I expect the formula to be

y[..., 0:2] = (y[..., 0:2] * 2. - 1.0 + self.grid[i].to(x[i].device)) * self.stride[i]  # xy

Environment

OS: Arch Linux
GPU 2080 Ti

github-actions[bot] commented 4 years ago

Hello @jerry73204, thank you for your interest in our work! Please visit our Custom Training Tutorial to get started, and see our Jupyter Notebook , Docker Image, and Google Cloud Quickstart Guide for example environments.

If this is a bug report, please provide screenshots and minimum viable code to reproduce your issue, otherwise we can not help you.

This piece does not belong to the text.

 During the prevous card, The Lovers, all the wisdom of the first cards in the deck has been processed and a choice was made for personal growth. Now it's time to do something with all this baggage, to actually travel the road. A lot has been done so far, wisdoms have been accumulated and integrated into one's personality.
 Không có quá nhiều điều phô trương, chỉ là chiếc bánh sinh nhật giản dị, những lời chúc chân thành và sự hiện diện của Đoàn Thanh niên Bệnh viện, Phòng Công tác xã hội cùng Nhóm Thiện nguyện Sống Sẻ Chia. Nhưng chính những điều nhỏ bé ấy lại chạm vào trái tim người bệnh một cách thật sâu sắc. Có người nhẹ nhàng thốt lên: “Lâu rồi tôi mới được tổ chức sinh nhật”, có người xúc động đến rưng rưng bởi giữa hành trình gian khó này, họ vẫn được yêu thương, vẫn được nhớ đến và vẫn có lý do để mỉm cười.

If this is a custom model or data training question, please note that Ultralytics does not provide free personal support. As a leader in vision ML and AI, we do offer professional consulting, from simple expert advice up to delivery of fully customized, end-to-end production solutions for our clients, such as:

Cloud-based AI systems operating on hundreds of HD video streams in realtime.
Edge AI integrated into custom iOS and Android apps for realtime 30 FPS video inference.
Custom data training, hyperparameter evolution, and model exportation to any destination.

For more information please visit https://www.ultralytics.com.

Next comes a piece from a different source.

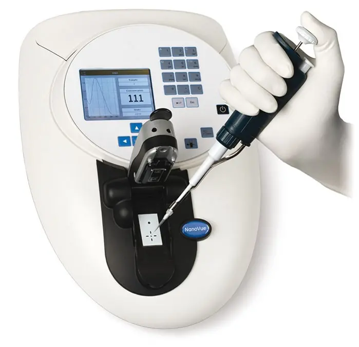 Le spectrophotomètre NanoVue Plus permet des mesures sur des micro-échantillons (< 2 µl). Grâce à son logiciel intégré, le pilotage du NanoVue ne nécessite pas la présence d'un ordinateur.
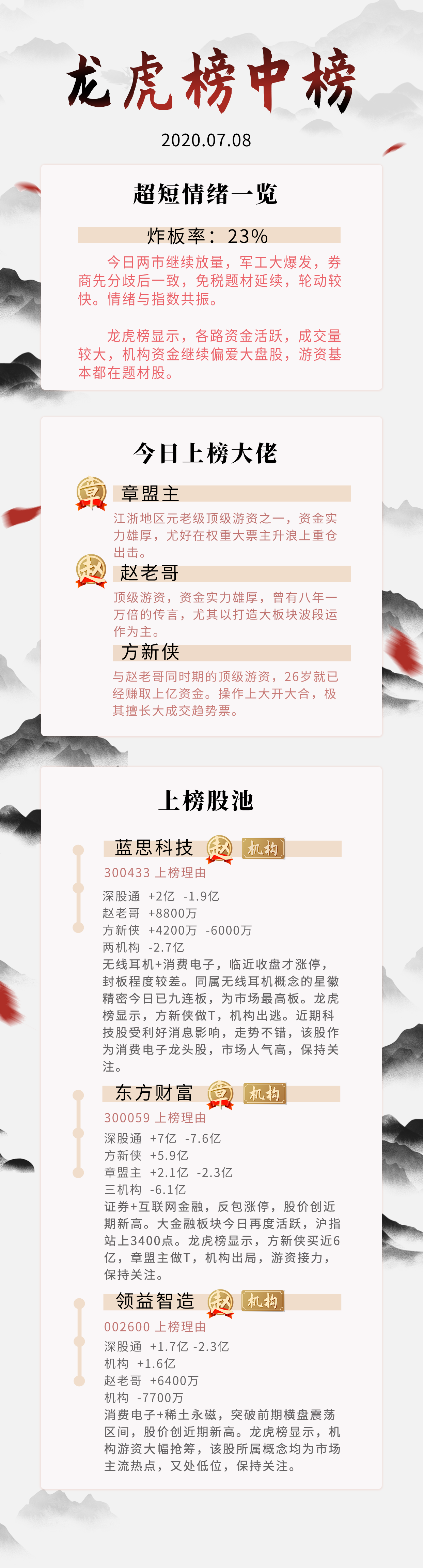 龙虎榜中榜:三机构抛逾6亿东方财富

glenn-jocher commented 4 years ago

@jerry73204 these regression ranges span a grid (0.0 - 1.0) symmetrically, they are mean 0.5, not mean 0.0.

jerry73204 commented 4 years ago

Got it. Thanks.

glenn-jocher commented 4 years ago

The way to think about it is that while a position inside the grid is defined with respect to the 0,0 origin, the actual receptive field of the grid cell is centered at 0.5, 0.5. A neuron outputting zero will be producing a regression output at the exact center of the grid cell since sigmoid(0) = 0.5

jerry73204 commented 4 years ago

Yes. As you pointed out, I realized * 2. - 0.5 expands the range but but is still centered at 0.5.

I'd like to ask another question. I see the build_target in loss function (code) scales target by gain. Look like it scales the sizes and positions from ratios to units of grids. Does it mean the GIoU is computed in grid units?

If yes, suppose the line calculates the width/height ratio by dividing target sizes by anchor sizes both in units of grids? I think it's relevant to the place dividing the anchor sizes in anticipation. If I think it correctly, we could distinguish var names for the anchors in pixels and anchors in grids to avoid confusion.

glenn-jocher commented 4 years ago

@jerry73204 yes I think this all make sense. The anchors at the moment are named for their use, so anchor_grid are applied to the grid during inference etc.

The units of the operations are not mathematically important, the wh ratio and the GIoU can be calculated in any non-normalized units, they are implemented as is for computational efficiency.

glenn-jocher commented 4 years ago

BTW, the anchor values themselves are mostly the same output normalization (i.e. to unity variance and zero mean) that ML models have been using for decades, the main innovation here is the use of multiple anchors per grid cell. AutoAnchor will analyze any supplied anchors for suitability in combination with your supplied dataset, and recompute and integrate new anchors automatically before training starts.

github-actions[bot] commented 4 years ago

This issue has been automatically marked as stale because it has not had recent activity. It will be closed if no further activity occurs. Thank you for your contributions.

daikankan commented 3 years ago

seem like the regression target of center is normalized by grid units (double of stride of the current feature map)，and the regression target of size is normalized by pre-defined anchors size, right? @jerry73204 @glenn-jocher

glenn-jocher commented 3 years ago

Yes.